So my quick take on the RED Hydrogen phone is… Firstly, as a phone, I don’t expect it to be a market success as the price pressure on devices just via competition has pressed down our perception of value. For example, just considering frameless metal, large HD glass phones to chose from, we would all run out and buy a $400 phone if it were built with $1000 components yet we would not be nearly as interested in a $399 phone if it were built with $300 of components and a $1000 phone with $1000 components is only interesting to the 1% So regarding the last sentiment, both Apple iPhone8 and RED Hydrogen are reportedly in the $1000 range.

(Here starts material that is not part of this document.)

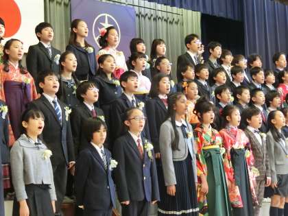 4・5・6年生が「旅立ちの日に」を共に歌い、歌声が響きあいました。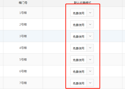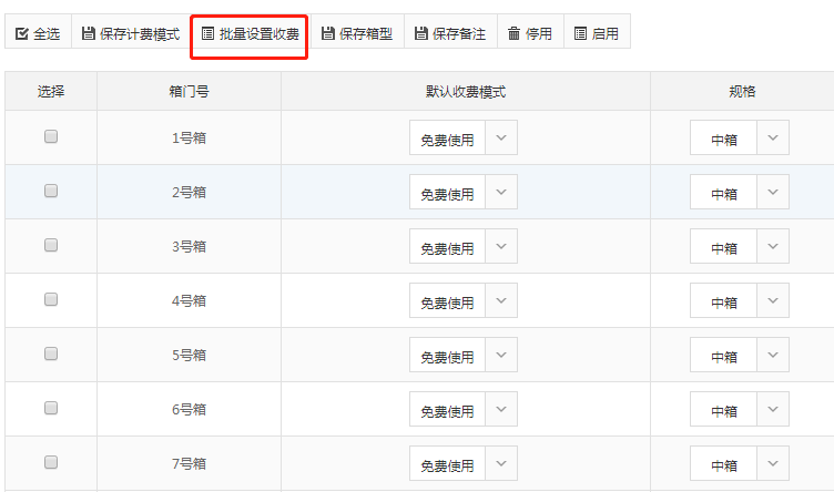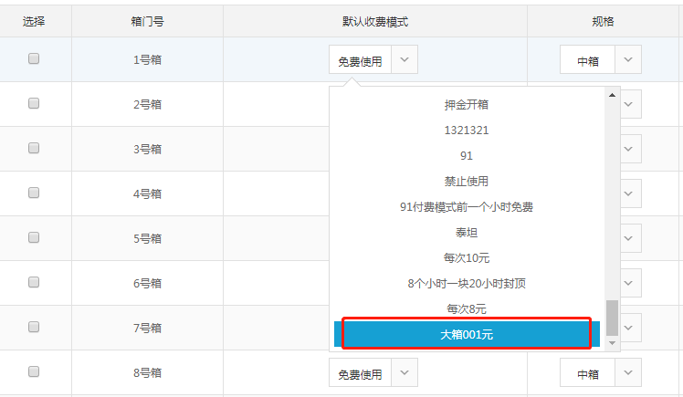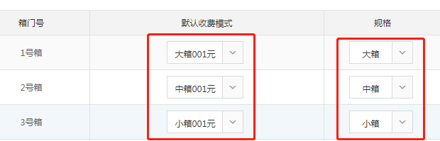 3. 可以看到當(dāng)前箱門信息,也可以設(shè)置默認收費模式、規(guī)格等功能

The RED Hydrogen is your basic 5.7″ Android phone and to make it more compelling, they partnered with LEIA to add a 2D and 3D Holographic screen. Using polarization, diffraction with controlled backlighting, images can appear to be in 3D right off the display- just add HD 3D content. Below is a video from the company that makes the display technology, LEIA.
So for what it’s worth, I do sense that this is a use case for 5G. If it takes 3-4 camera views, assuming 4K, then you are looking at Mbps streaming data consumption per user. (YouTube today is on order of 100’sKBps depending on mobile screen size.) So for vertical markets such as medical or perhaps the mass market of indoor navigation, this could be a useful application.
It doesn’t mean the final form factor is a smartphone necessarily but the use cases are somewhat compelling as you could have a 3D kiosk in the middle of a a public space and/or corridor to help navigate that would make far more sense from an availability/adoption standpoint than trying to do the same thing using AR/VR with wearables.
Why 5G use case? High speed LTE can deliver this content now, however if there is a high density of use then of course it will be cheaper to deliver via 5G and I am assuming that detail would be important to the mass adoption.